→ **WORK REQUEST**: Retype the entries below word for word, leaving out every picture.

== Segment start ==

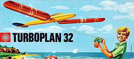 | Und noch ein "Strandspiel": "Turboplan 32" von Günther-Flugspiele. War in den 60ern mal große Mode und weit verbreitet, aber wohl wenige andere Trendspielzeuge sind so sehr aus den Gedächtnissen verschwunden wie dieses. Der mögliche Grund: Wenn es mal kaputt war, dann irreparabel. Und da zudem nicht sonderlich teuer, wurde es einfach weggeschmissen. Ich habe noch nie gesehen, dass irgendwo mal ein gebrauchtes angeboten wurde. Das hier zu sehende Exemplar ist unbespielt und stammt wahrscheinlich aus einem Lagerfund. Der federleichte, farbenfrohe und und im Bereich der Flügel transparente Kunststoff lässt das Herz eines Plastik-Fans wie mir höher schlagen...Schachtel: 26 x 11 x 5 cm. Bei der Schachtel unten (mit gleichem Inhalt) handelt es sich wohl um das Vorgängermodell. |
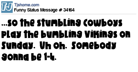 X is ...so the stumbling Cowboys play the bumbling Vikings on Sunday. Uh oh. Somebody gonna be 1-4.
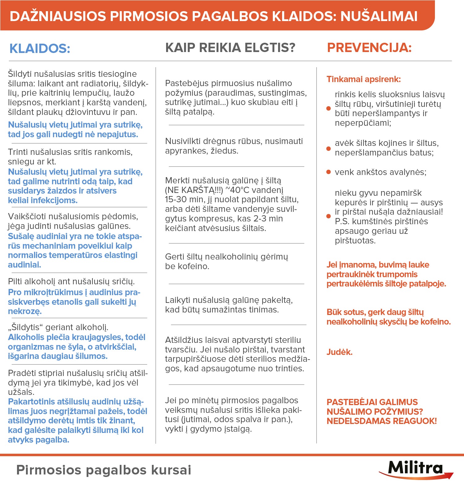 Kaip reiktų elgtis sušalus ar nušalimo atveju
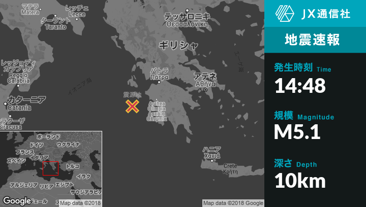 | 震源地 | ギリシャのMouzakiから南西33kmの地点 |
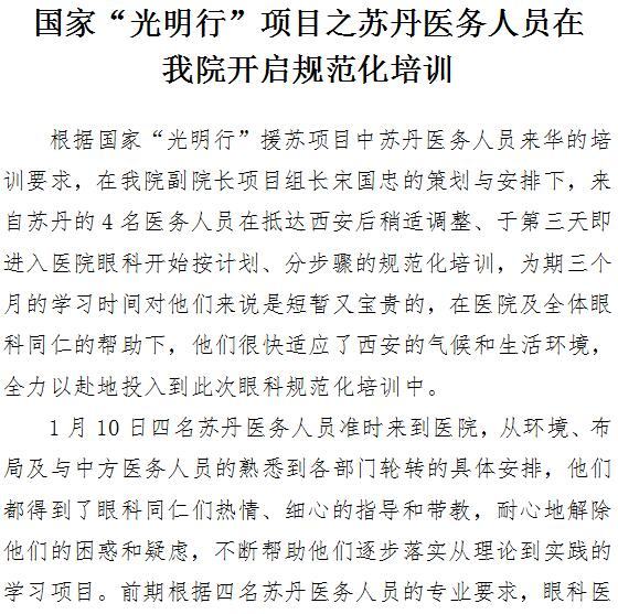 国家“光明行”项目之苏丹医务人员在啄木鸟 开启规范化培训
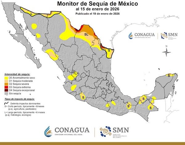En México solo 7.4% de la superficie del país registra sequía de moderada a excepcional, por lo que 2 mil 168 municipios -de un total de 2 mil 478-, localizados en 13 entidades, se encuentran libres de esta condición climatológica, informó el Servicio Meteorológico Nacional (SMN) de la Comisión Nacional del Agua (Conagua). Con base en el más reciente reporte…

== Segment end ==

→ **RESPONSE AREA**:
 | Und noch ein "Strandspiel": "Turboplan 32" von Günther-Flugspiele. War in den 60ern mal große Mode und weit verbreitet, aber wohl wenige andere Trendspielzeuge sind so sehr aus den Gedächtnissen verschwunden wie dieses. Der mögliche Grund: Wenn es mal kaputt war, dann irreparabel. Und da zudem nicht sonderlich teuer, wurde es einfach weggeschmissen. Ich habe noch nie gesehen, dass irgendwo mal ein gebrauchtes angeboten wurde. Das hier zu sehende Exemplar ist unbespielt und stammt wahrscheinlich aus einem Lagerfund. Der federleichte, farbenfrohe und und im Bereich der Flügel transparente Kunststoff lässt das Herz eines Plastik-Fans wie mir höher schlagen...Schachtel: 26 x 11 x 5 cm. Bei der Schachtel unten (mit gleichem Inhalt) handelt es sich wohl um das Vorgängermodell. |
 X is ...so the stumbling Cowboys play the bumbling Vikings on Sunday. Uh oh. Somebody gonna be 1-4.
 Kaip reiktų elgtis sušalus ar nušalimo atveju
 | 震源地 | ギリシャのMouzakiから南西33kmの地点 |
 国家“光明行”项目之苏丹医务人员在啄木鸟 开启规范化培训
En México solo 7.4% de la superficie del país registra sequía de moderada a excepcional, por lo que 2 mil 168 municipios -de un total de 2 mil 478-, localizados en 13 entidades, se encuentran libres de esta condición climatológica, informó el Servicio Meteorológico Nacional (SMN) de la Comisión Nacional del Agua (Conagua). Con base en el más reciente reporte…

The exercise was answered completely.